#### Problem
Only the pictures are to be left out; return the rest of the data exactly as it stands.

#### Information shown
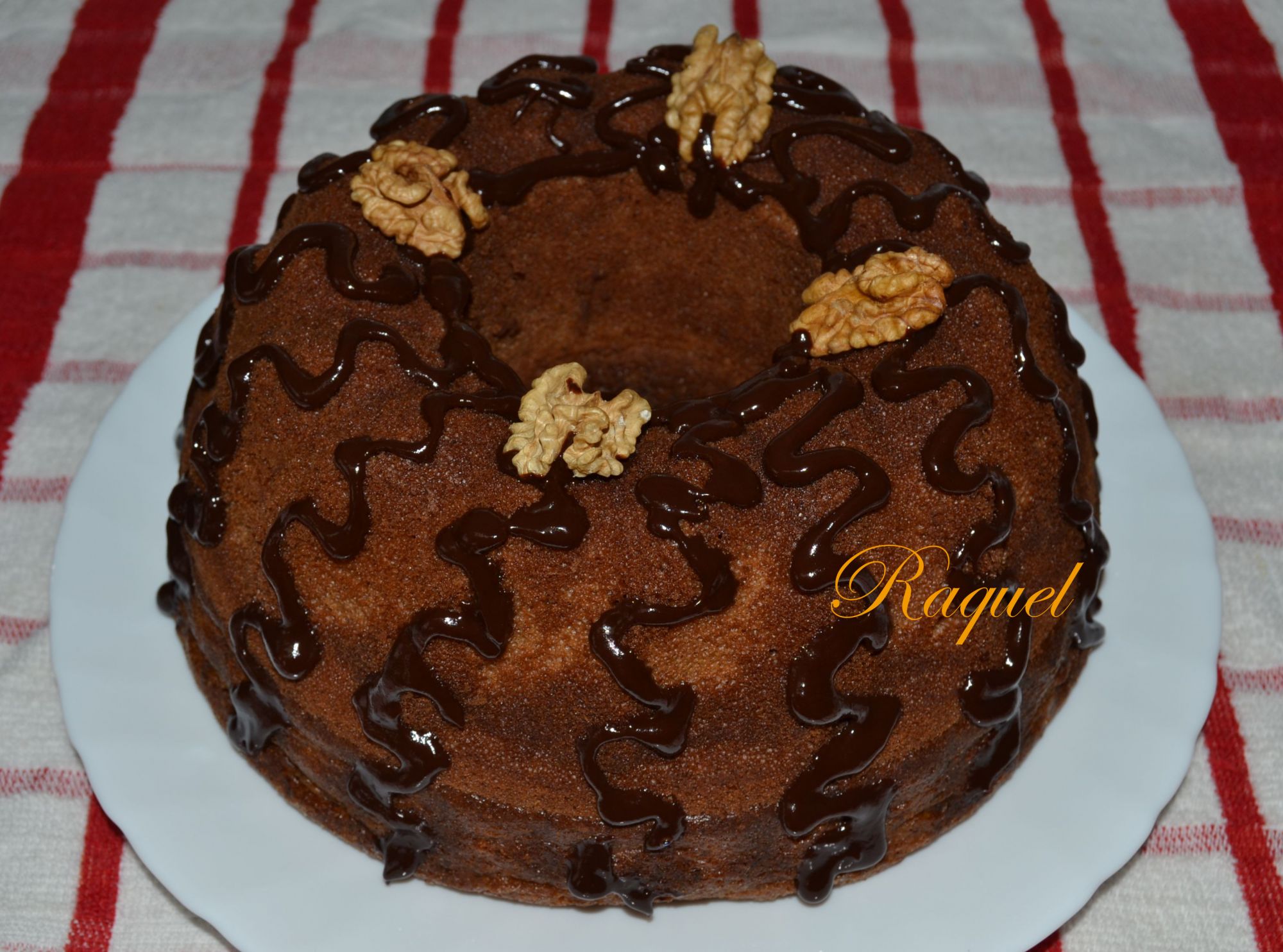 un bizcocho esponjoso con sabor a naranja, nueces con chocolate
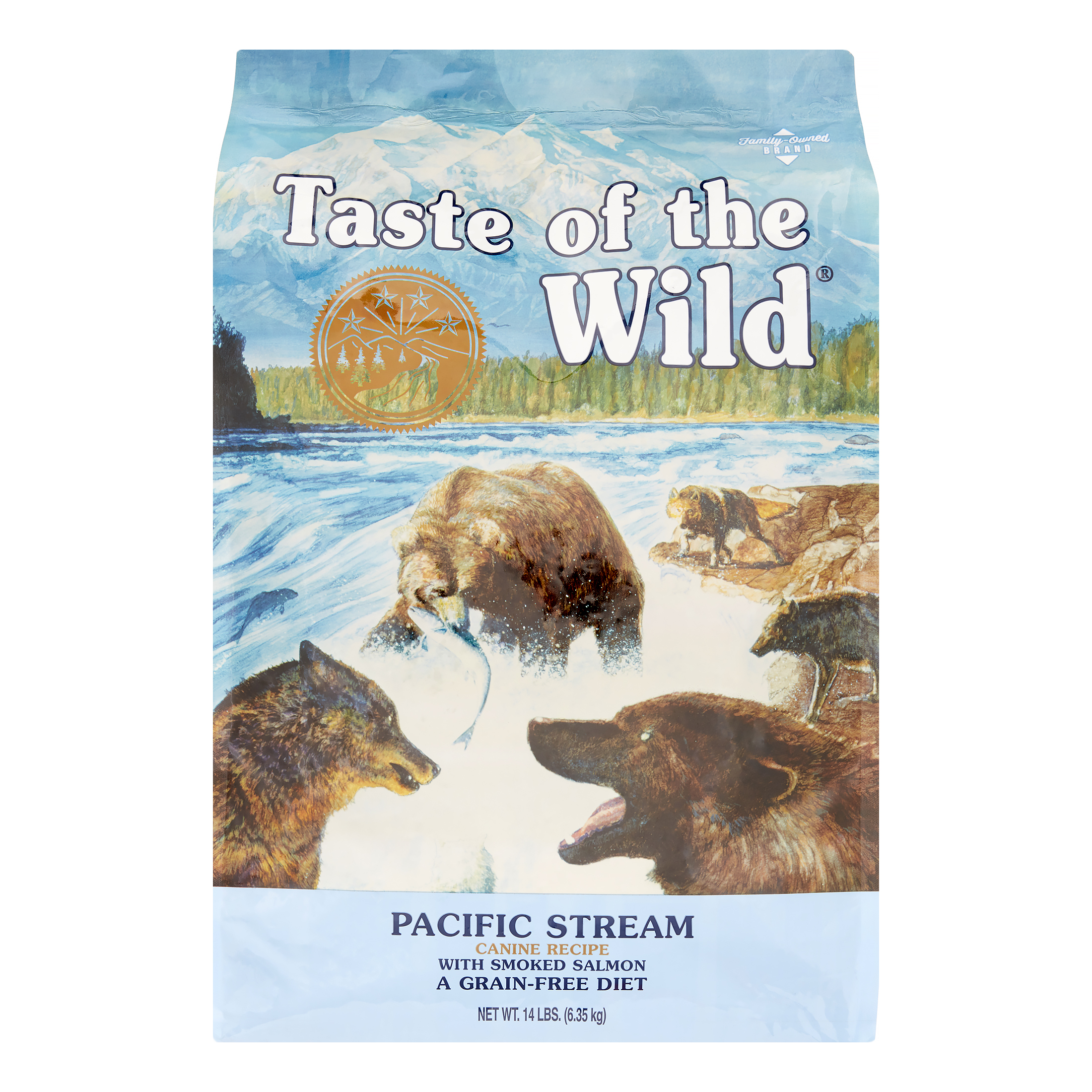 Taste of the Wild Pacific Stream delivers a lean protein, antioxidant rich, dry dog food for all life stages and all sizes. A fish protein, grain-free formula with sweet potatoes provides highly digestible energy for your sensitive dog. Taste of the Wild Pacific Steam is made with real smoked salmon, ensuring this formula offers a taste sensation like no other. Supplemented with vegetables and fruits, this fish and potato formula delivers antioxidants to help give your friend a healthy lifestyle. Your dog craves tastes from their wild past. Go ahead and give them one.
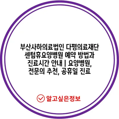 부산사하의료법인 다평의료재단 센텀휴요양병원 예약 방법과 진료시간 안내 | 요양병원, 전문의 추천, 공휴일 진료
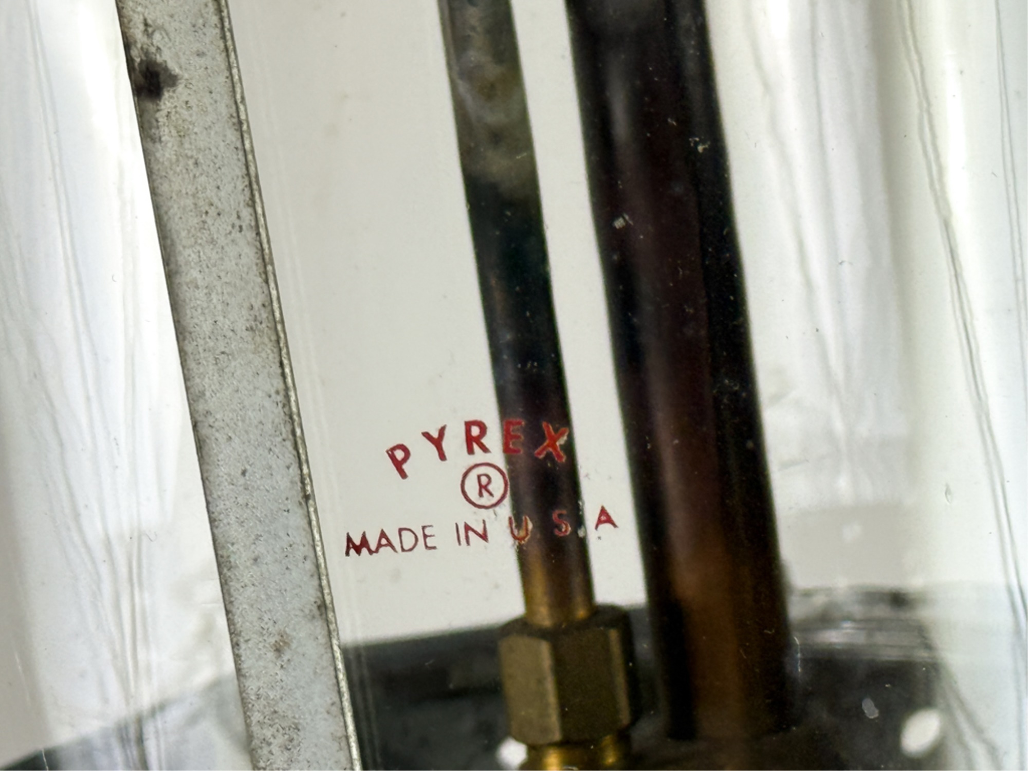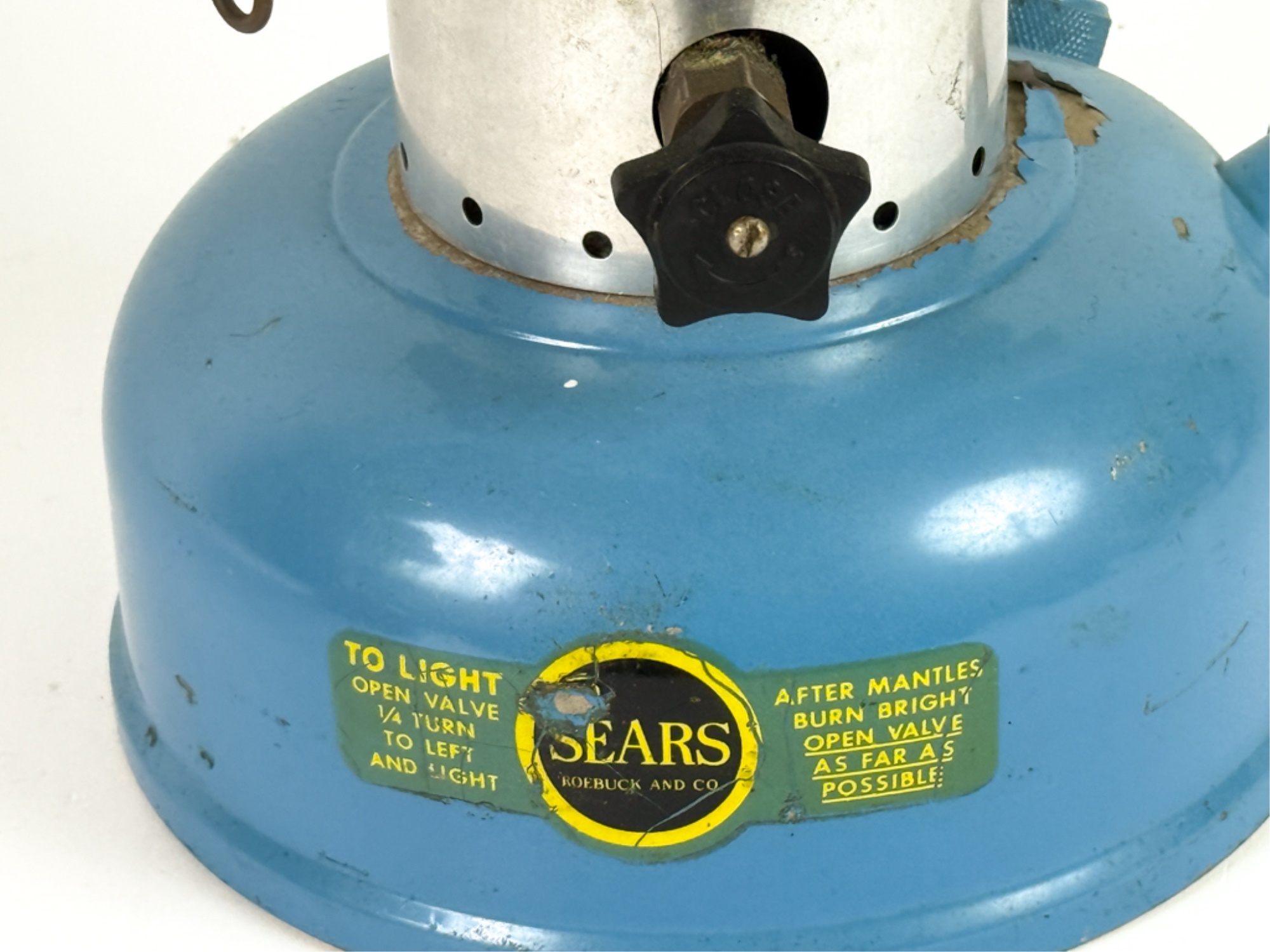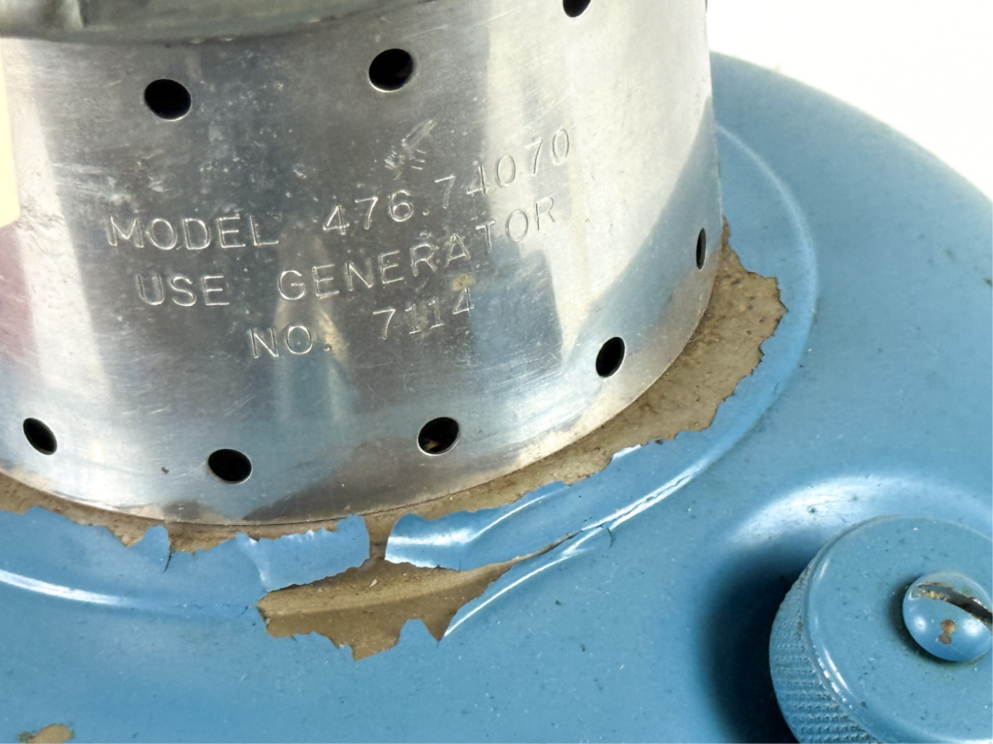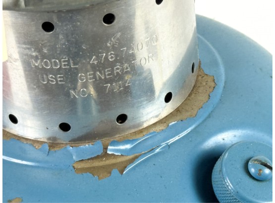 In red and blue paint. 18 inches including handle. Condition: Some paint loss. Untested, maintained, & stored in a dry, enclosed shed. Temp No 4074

#### Your solution
 un bizcocho esponjoso con sabor a naranja, nueces con chocolate
 Taste of the Wild Pacific Stream delivers a lean protein, antioxidant rich, dry dog food for all life stages and all sizes. A fish protein, grain-free formula with sweet potatoes provides highly digestible energy for your sensitive dog. Taste of the Wild Pacific Steam is made with real smoked salmon, ensuring this formula offers a taste sensation like no other. Supplemented with vegetables and fruits, this fish and potato formula delivers antioxidants to help give your friend a healthy lifestyle. Your dog craves tastes from their wild past. Go ahead and give them one.
 부산사하의료법인 다평의료재단 센텀휴요양병원 예약 방법과 진료시간 안내 | 요양병원, 전문의 추천, 공휴일 진료
 In red and blue paint. 18 inches including handle. Condition: Some paint loss. Untested, maintained, & stored in a dry, enclosed shed. Temp No 4074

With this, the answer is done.